她其实没有什么好权衡的。
这间房朝南,窗台晒过一整天太阳;被子是下午刚晾收的,抱起来有干爽的草木气;枕边那盏小夜灯,暖黄的光正好罩住半个床铺。
最重要的是,玉牌贴着她的掌心,热得发烫。
“……丑话说在前头。”祀终于开口,声音又低又闷,“我睡相不好。”
“嗯。”
“会踢被子。”
“嗯。”
“还会……”祀的话卡住了,半天才接上,“还会半夜醒了就睡不着。”
“那正好。”黍说,“我半夜也常醒,起来看看炉子。你醒了,就有人陪着说话。”
祀不说话了。她低着头,耳尖那点红一路烧到颈后,半晌,才闷闷地“嗯”了一声。
祀却没有立刻坐回去。她走到窗台边,低头看那盆苗。苗叶青翠,根部的土是湿润的,显然被人照料得很好。她伸手,指尖碰了碰那片叶子。

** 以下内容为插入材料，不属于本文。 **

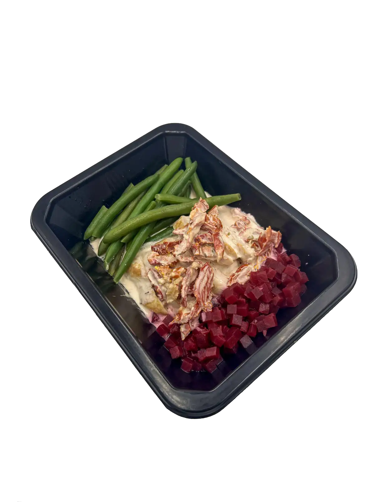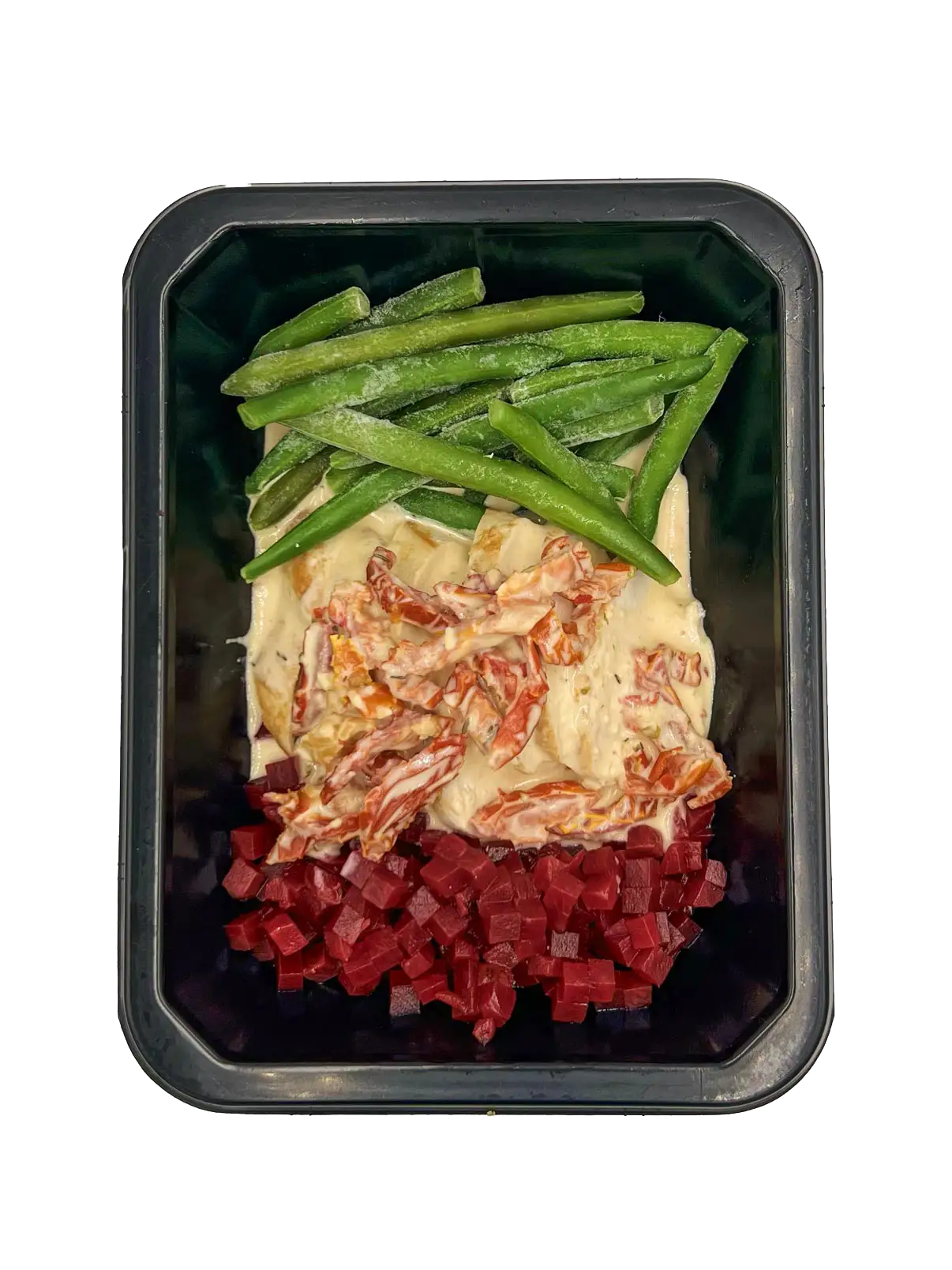 Keto and delicious!! Chicken breast, topped with the creamiest sun-dried tomato sauce ever! Paired with sides of beets and green beans.
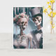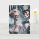 En skelettbrud och -groom är klädd i bröllop, med bruden i blommor och en slöja och brudgummen i top hat och bukslips

“别碰。”黍的声音从身后传来,“那苗怕冷,你一碰,它要缩的。”
“……我又不是霜。”祀说,手却收了回来。
“你是比霜还凉。”黍说,“手凉的,碰不得苗。”
祀抿了抿唇,没接话,走回床沿坐下。
好半晌,她闷闷地哼了一声,抱着那件青灰短褂,在黍的床沿坐下了。她脚上穿着黑色的连裤袜,薄薄的一层,在灯下泛着一点细碎的光。
“六姐。”她忽然开口。
“嗯?”
“……你刚才看手相,看出什么了。”
黍在桌边坐下,没有立刻回答。
她看了祀一会儿,灯光落在那双灰青色的眼睛里,瞳孔周围那圈暖金色的光微微亮了一下:“看出你这个人,嘴硬,心软,命线长,就是中间断了十年。”
“……”
“断的那十年,在等一个人。”黍说,“等到了,后半生的纹路就顺了。”
祀攥着玉牌的手紧了紧,半晌才挤出一句:“……还算有点本事。”
“嗯。”黍说,“姜茶要凉了。”
“……甚是无趣。”祀端起杯子,小口小口地喝完了。
杯子见了底。祀放下杯子,指尖在杯沿上划了一圈,没有起身。
“还要吗。”黍问。
“……”祀的目光飘开,“再、再半碗。”
黍没说什么,又给她倒了半碗。祀接过去,这回喝得慢了些,热气氤氲上来,熏得她眼眶有点潮。她垂着眼,没让黍看见。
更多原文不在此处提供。